PROBLEM REQUIREMENTS: An exact, complete copy of the entries below is required, minus any pictures.

□ □ □ □ □ □ □

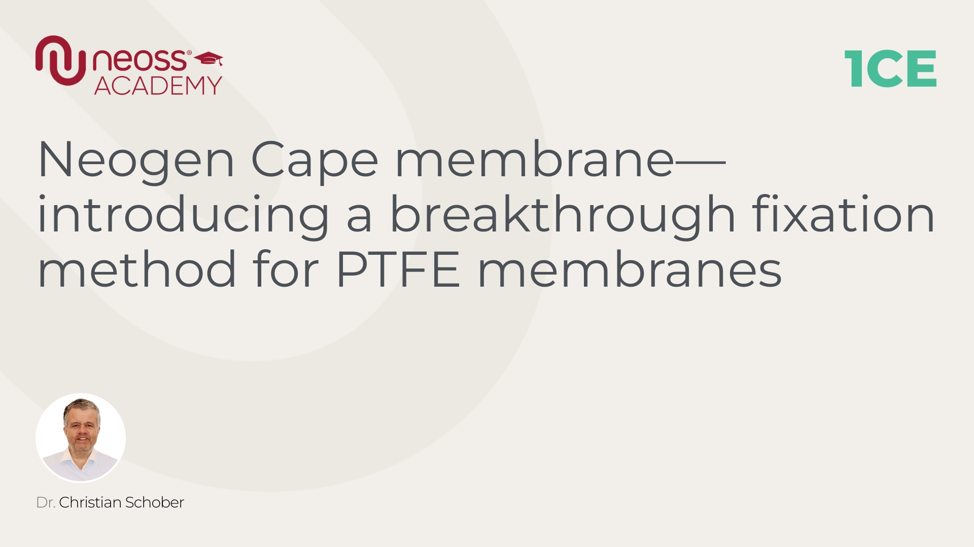 After several years of development with the brilliant Neoss engineering team and Dr Christian Schober, we are proud to present you our brand-new membrane fixation method in this webinar. With this ideal guided bone regeneration technique for buccal bone deficiencies in the aesthetic zone, you can produce a predictable bone growth. A small teaser: The key is to screw the membrane to a simultaneosly placed implant. This product was recently launched by the Neoss Group.
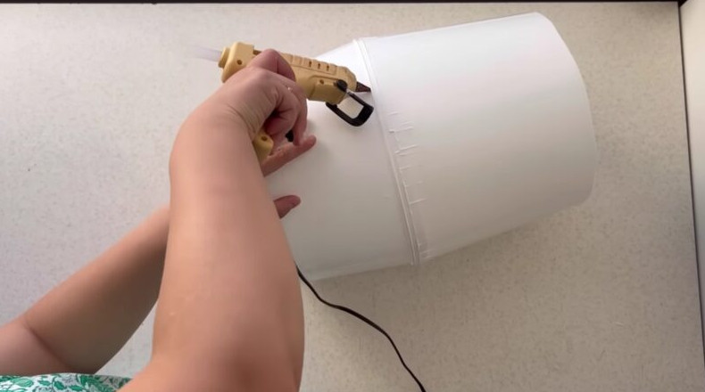 Срежьте выступающие бортики пластиковых ведерок. У одного из ведер срежьте дно. Разместите ведра друг на друге и соедините их с помощью горячего клея. В итоге получится основание высокой корзины.
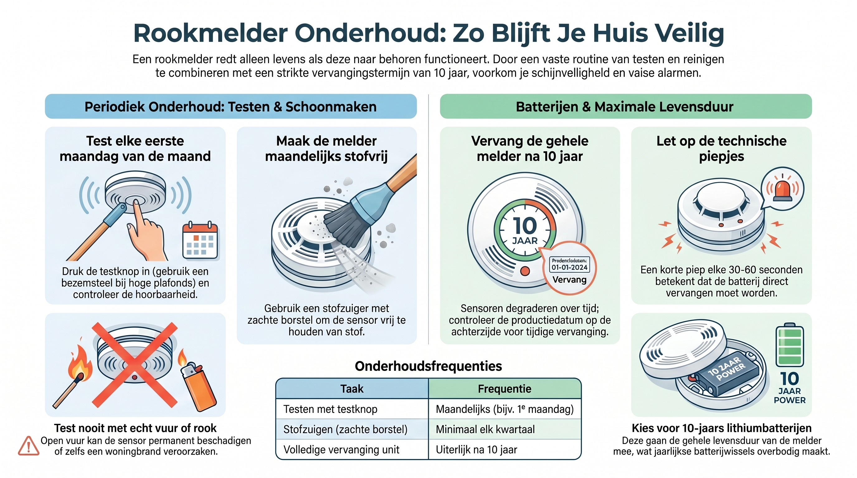 - Nooit testen met echt vuur: Gebruik nooit open vuur, kaarsen of echte rook om de melder te testen. Dit kan de melder permanent beschadigen of zelfs een echte woningbrand veroorzaken.
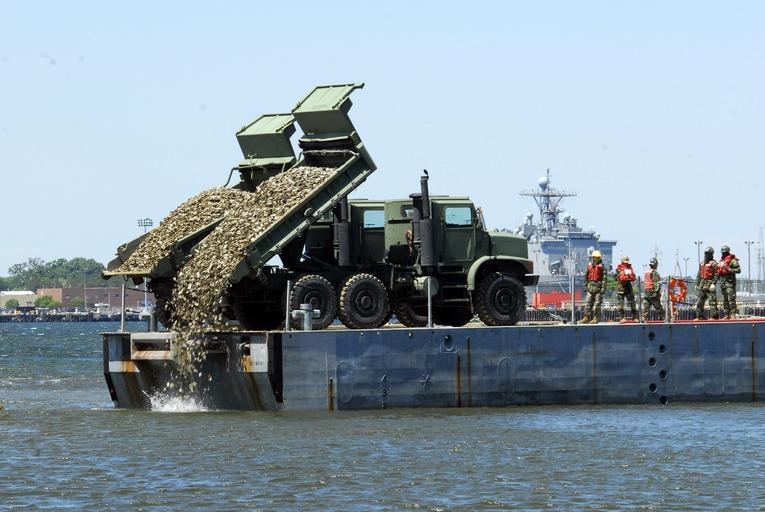 Keywords: US Navy 100428-N-3154P-149 Sailors assigned to Amphibious Construction Battalion (ACB) 2, use heavy machinery to load oyster shells for two new artificial oyster reef sites in the mud flats of Little Creek Cove.jpg en VIRGINIA BEACH Va April 28 2010 Sailors assigned to Amphibious Construction Battalion ACB 2 dump oyster shells into the mud flats of Little Creek Cove to establish two new artificial oyster reefs The oysters are the naturally occurring Eastern oyster Crassostrea virginica which can filter 50 gallons of water individually each day U S Navy photo by Mass Communication Specialist Seaman Scott Pittman/Released 2010-04-28 100428-N-3154P-149 Navy http //www navy mil/view_image asp id 84820 U S Navy photo by Mass Communication Specialist Seaman Scott Pittman PD-USGov-Military-Navy Images from US Navy location Virginia Beach Va Dump trucks in the United States Virginia Coast Amphibious Construction Battalion 2 Unidentified Mollusca Oshkosh MTVR Dump rigid trucks Military dump trucks |
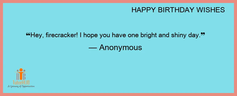 Hey, firecracker! I hope you have one bright and shiny day.
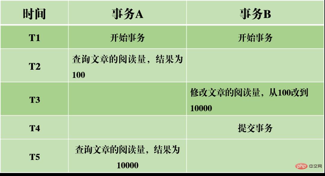 以上图为例,事务A在先后读取文章阅读量的数据时,结果却不一样。说明事务A在执行的过程中,阅读量的值被其它事务给修改了。这样使得数据的查询结果不再可靠,同样也不合实际。
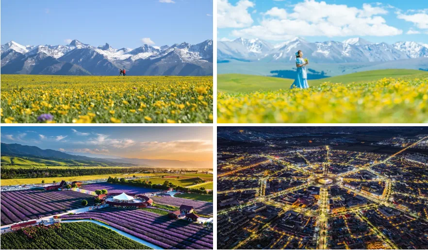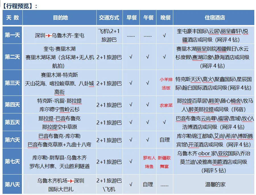 新疆乌鲁木齐、赛里木湖(含环湖+航拍)、特克斯八卦城、喀拉峻、库尔德宁雪岭云杉、那拉提空中草原、天山花海、巴音布鲁克九曲十八湾、罗布人村寨、天山胜利隧道双飞8天
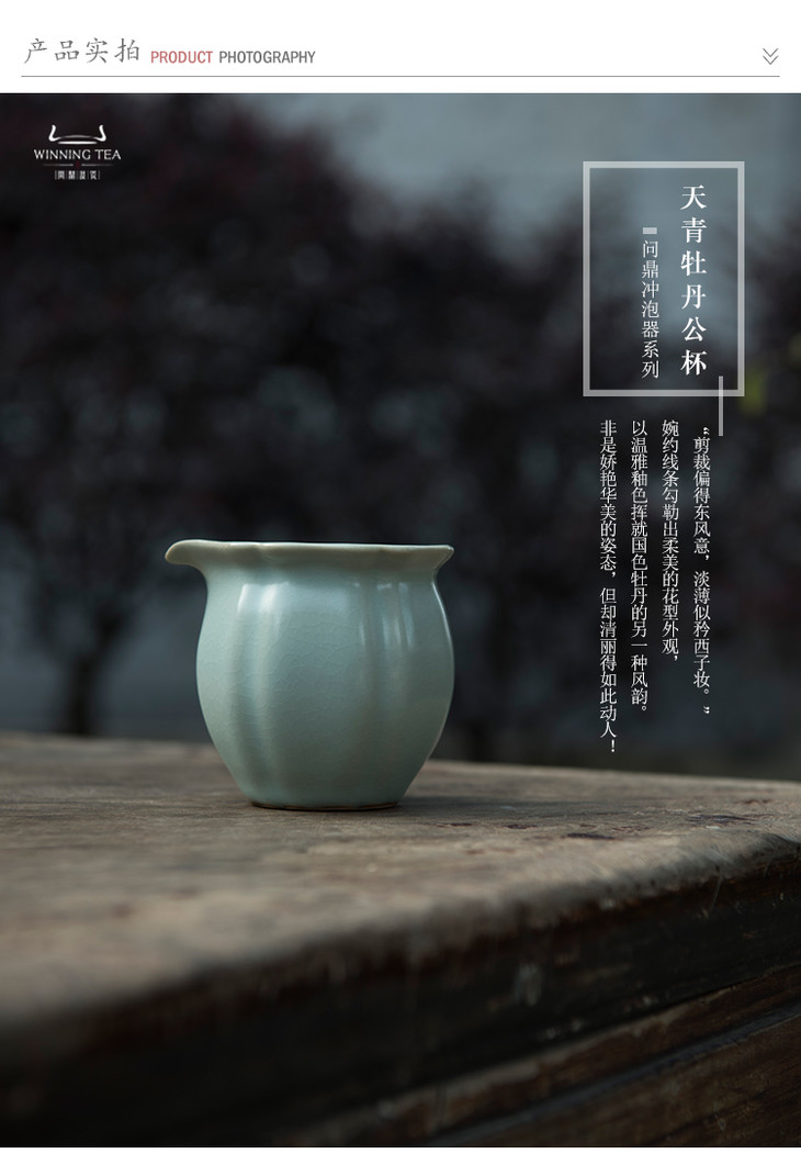 中国问鼎汝瓷天青牡丹公杯 功夫茶具分茶器 陶瓷品茗汝窑泡茶器皿
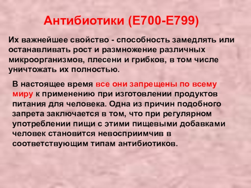 В настоящее время все они запрещены по всему миру к применению при изготовлении продуктов питания для человека. Одна из причин подобного запрета заключается в том, что при регулярном употреблении пищи с этими пищевыми добавками человек становится невосприимчив в соответствующим типам антибиотиков.
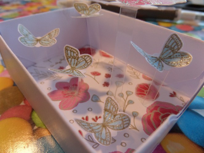Voici, en vidéo, ma boîte, dont la déco intérieure et extérieure est dédiée aux papillons:
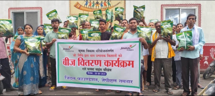 तमनार-जिंदल फाउंडेशन, जेपीएल तमनार द्वारा कृषि क्षेत्र में नवाचार और किसानों के सर्वांगीण विकास सुनिश्चित करने के लिए गारे पालमा माइंस परिक्षेत्र कार्यालय टपरंगा में ’श्री’ मेडागास्कर विधि द्वारा धान उत्पादक 60 किसानों को बीज वितरण किया गया। कार्यक्रम का उद्देश्य किसानों को उन्नत किस्म के बीज उपलब्ध कराकर उनकी पैदावार में वृद्धि करना और कृषि लागत को कम करना प्रमुख है।

□ □ □ □ □ □ □

RESPONSE:
 After several years of development with the brilliant Neoss engineering team and Dr Christian Schober, we are proud to present you our brand-new membrane fixation method in this webinar. With this ideal guided bone regeneration technique for buccal bone deficiencies in the aesthetic zone, you can produce a predictable bone growth. A small teaser: The key is to screw the membrane to a simultaneosly placed implant. This product was recently launched by the Neoss Group.
 Срежьте выступающие бортики пластиковых ведерок. У одного из ведер срежьте дно. Разместите ведра друг на друге и соедините их с помощью горячего клея. В итоге получится основание высокой корзины.
 - Nooit testen met echt vuur: Gebruik nooit open vuur, kaarsen of echte rook om de melder te testen. Dit kan de melder permanent beschadigen of zelfs een echte woningbrand veroorzaken.
 Keywords: US Navy 100428-N-3154P-149 Sailors assigned to Amphibious Construction Battalion (ACB) 2, use heavy machinery to load oyster shells for two new artificial oyster reef sites in the mud flats of Little Creek Cove.jpg en VIRGINIA BEACH Va April 28 2010 Sailors assigned to Amphibious Construction Battalion ACB 2 dump oyster shells into the mud flats of Little Creek Cove to establish two new artificial oyster reefs The oysters are the naturally occurring Eastern oyster Crassostrea virginica which can filter 50 gallons of water individually each day U S Navy photo by Mass Communication Specialist Seaman Scott Pittman/Released 2010-04-28 100428-N-3154P-149 Navy http //www navy mil/view_image asp id 84820 U S Navy photo by Mass Communication Specialist Seaman Scott Pittman PD-USGov-Military-Navy Images from US Navy location Virginia Beach Va Dump trucks in the United States Virginia Coast Amphibious Construction Battalion 2 Unidentified Mollusca Oshkosh MTVR Dump rigid trucks Military dump trucks |
 Hey, firecracker! I hope you have one bright and shiny day.
 以上图为例,事务A在先后读取文章阅读量的数据时,结果却不一样。说明事务A在执行的过程中,阅读量的值被其它事务给修改了。这样使得数据的查询结果不再可靠,同样也不合实际。
 新疆乌鲁木齐、赛里木湖(含环湖+航拍)、特克斯八卦城、喀拉峻、库尔德宁雪岭云杉、那拉提空中草原、天山花海、巴音布鲁克九曲十八湾、罗布人村寨、天山胜利隧道双飞8天
 中国问鼎汝瓷天青牡丹公杯 功夫茶具分茶器 陶瓷品茗汝窑泡茶器皿
 В настоящее время все они запрещены по всему миру к применению при изготовлении продуктов питания для человека. Одна из причин подобного запрета заключается в том, что при регулярном употреблении пищи с этими пищевыми добавками человек становится невосприимчив в соответствующим типам антибиотиков.
Voici, en vidéo, ma boîte, dont la déco intérieure et extérieure est dédiée aux papillons:
 तमनार-जिंदल फाउंडेशन, जेपीएल तमनार द्वारा कृषि क्षेत्र में नवाचार और किसानों के सर्वांगीण विकास सुनिश्चित करने के लिए गारे पालमा माइंस परिक्षेत्र कार्यालय टपरंगा में ’श्री’ मेडागास्कर विधि द्वारा धान उत्पादक 60 किसानों को बीज वितरण किया गया। कार्यक्रम का उद्देश्य किसानों को उन्नत किस्म के बीज उपलब्ध कराकर उनकी पैदावार में वृद्धि करना और कृषि लागत को कम करना प्रमुख है।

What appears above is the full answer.